> _Assignment_
Reproduce the lines below exactly, from the one containing "Smurfette has been" through the one containing "sets: 1. adapter", both included. Leave out any pictures.

> _Given data_
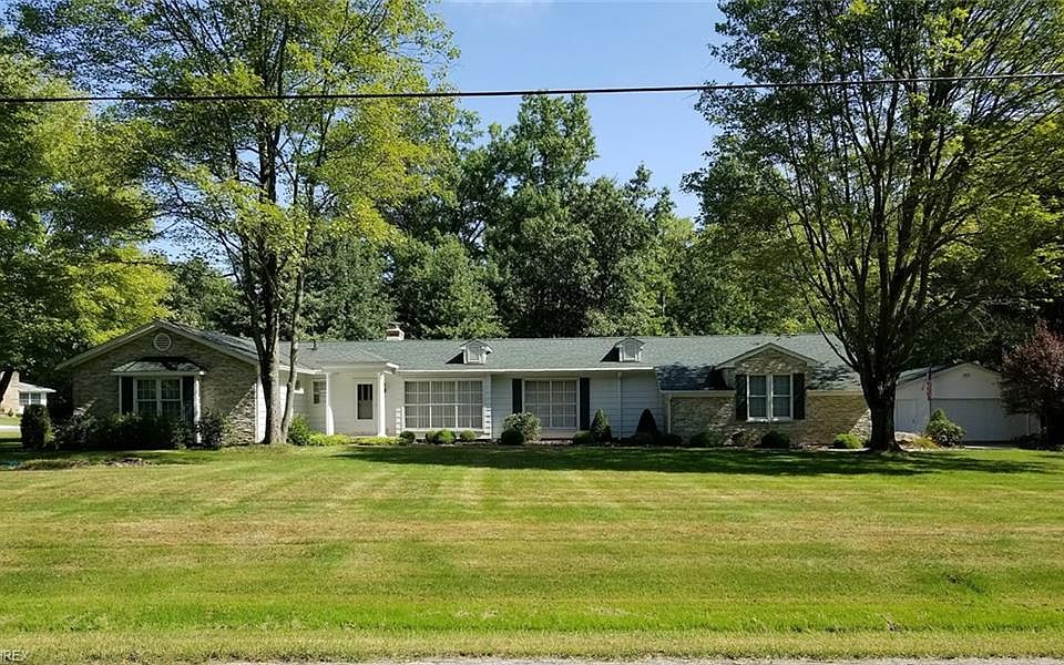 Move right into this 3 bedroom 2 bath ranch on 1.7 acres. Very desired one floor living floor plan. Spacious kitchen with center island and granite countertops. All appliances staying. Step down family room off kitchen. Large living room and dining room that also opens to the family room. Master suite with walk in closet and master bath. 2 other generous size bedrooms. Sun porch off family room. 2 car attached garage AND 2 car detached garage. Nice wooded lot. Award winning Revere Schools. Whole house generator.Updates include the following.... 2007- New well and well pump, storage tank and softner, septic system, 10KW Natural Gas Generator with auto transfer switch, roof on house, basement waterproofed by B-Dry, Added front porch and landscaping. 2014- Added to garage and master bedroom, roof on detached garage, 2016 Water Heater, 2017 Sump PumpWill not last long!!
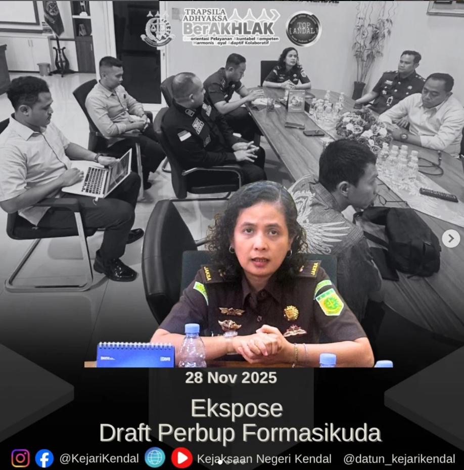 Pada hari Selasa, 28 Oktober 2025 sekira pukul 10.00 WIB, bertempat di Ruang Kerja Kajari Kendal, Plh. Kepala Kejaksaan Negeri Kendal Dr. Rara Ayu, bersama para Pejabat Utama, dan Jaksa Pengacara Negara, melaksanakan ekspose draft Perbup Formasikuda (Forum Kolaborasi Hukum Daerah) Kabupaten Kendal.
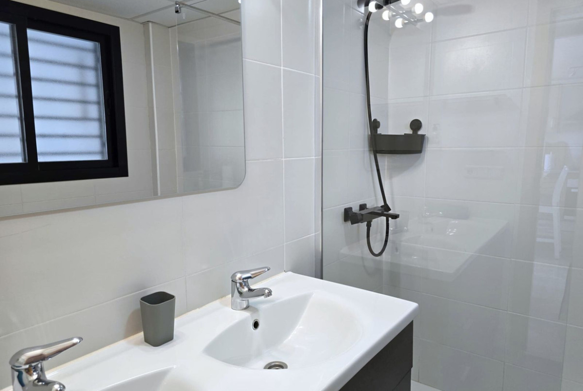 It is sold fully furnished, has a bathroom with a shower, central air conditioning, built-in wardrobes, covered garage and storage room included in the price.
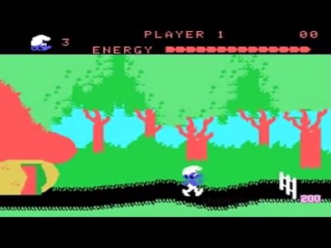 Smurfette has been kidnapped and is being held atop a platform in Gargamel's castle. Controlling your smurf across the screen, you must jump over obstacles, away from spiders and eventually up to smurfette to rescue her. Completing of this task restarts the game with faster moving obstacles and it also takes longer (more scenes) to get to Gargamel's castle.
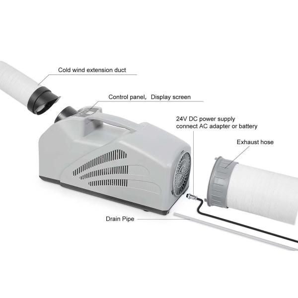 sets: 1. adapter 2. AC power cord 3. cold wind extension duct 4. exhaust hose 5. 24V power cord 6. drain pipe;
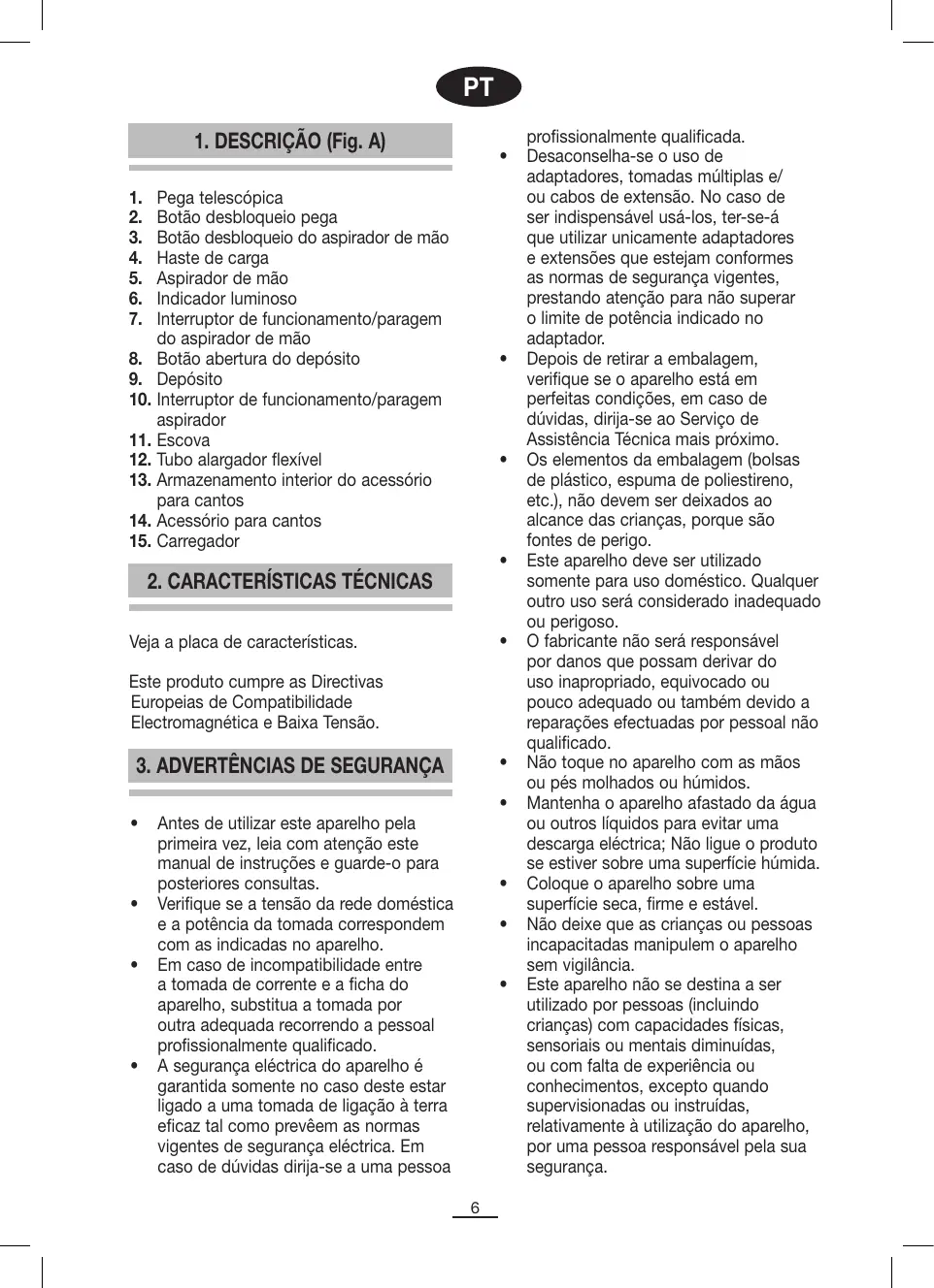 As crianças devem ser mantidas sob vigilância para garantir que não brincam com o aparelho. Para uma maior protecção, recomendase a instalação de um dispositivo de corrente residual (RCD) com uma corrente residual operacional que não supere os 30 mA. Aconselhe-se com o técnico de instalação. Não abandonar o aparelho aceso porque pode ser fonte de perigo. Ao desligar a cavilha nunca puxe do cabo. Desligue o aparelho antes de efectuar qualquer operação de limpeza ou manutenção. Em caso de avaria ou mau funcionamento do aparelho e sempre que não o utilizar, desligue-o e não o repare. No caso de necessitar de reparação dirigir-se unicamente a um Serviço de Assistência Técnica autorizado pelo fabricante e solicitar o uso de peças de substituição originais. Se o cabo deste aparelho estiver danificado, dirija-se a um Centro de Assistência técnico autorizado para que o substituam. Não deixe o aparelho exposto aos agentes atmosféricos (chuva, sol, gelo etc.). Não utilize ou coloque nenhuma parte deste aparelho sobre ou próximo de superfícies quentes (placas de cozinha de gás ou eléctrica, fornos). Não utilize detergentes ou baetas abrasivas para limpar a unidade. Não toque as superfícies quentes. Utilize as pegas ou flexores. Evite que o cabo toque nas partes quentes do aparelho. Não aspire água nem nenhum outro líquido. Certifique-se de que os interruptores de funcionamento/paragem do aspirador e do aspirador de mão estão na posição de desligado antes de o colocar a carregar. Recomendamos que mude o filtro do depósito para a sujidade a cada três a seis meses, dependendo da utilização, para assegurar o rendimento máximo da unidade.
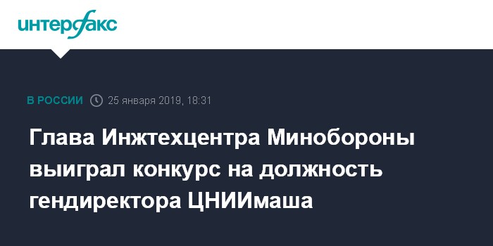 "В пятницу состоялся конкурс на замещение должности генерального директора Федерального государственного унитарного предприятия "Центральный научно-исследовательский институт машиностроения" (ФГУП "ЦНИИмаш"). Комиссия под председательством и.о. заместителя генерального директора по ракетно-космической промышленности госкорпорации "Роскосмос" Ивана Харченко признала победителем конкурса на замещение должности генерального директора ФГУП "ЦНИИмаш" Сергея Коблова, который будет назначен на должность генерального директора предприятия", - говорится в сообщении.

> _Worked solution_
 Smurfette has been kidnapped and is being held atop a platform in Gargamel's castle. Controlling your smurf across the screen, you must jump over obstacles, away from spiders and eventually up to smurfette to rescue her. Completing of this task restarts the game with faster moving obstacles and it also takes longer (more scenes) to get to Gargamel's castle.
 sets: 1. adapter 2. AC power cord 3. cold wind extension duct 4. exhaust hose 5. 24V power cord 6. drain pipe;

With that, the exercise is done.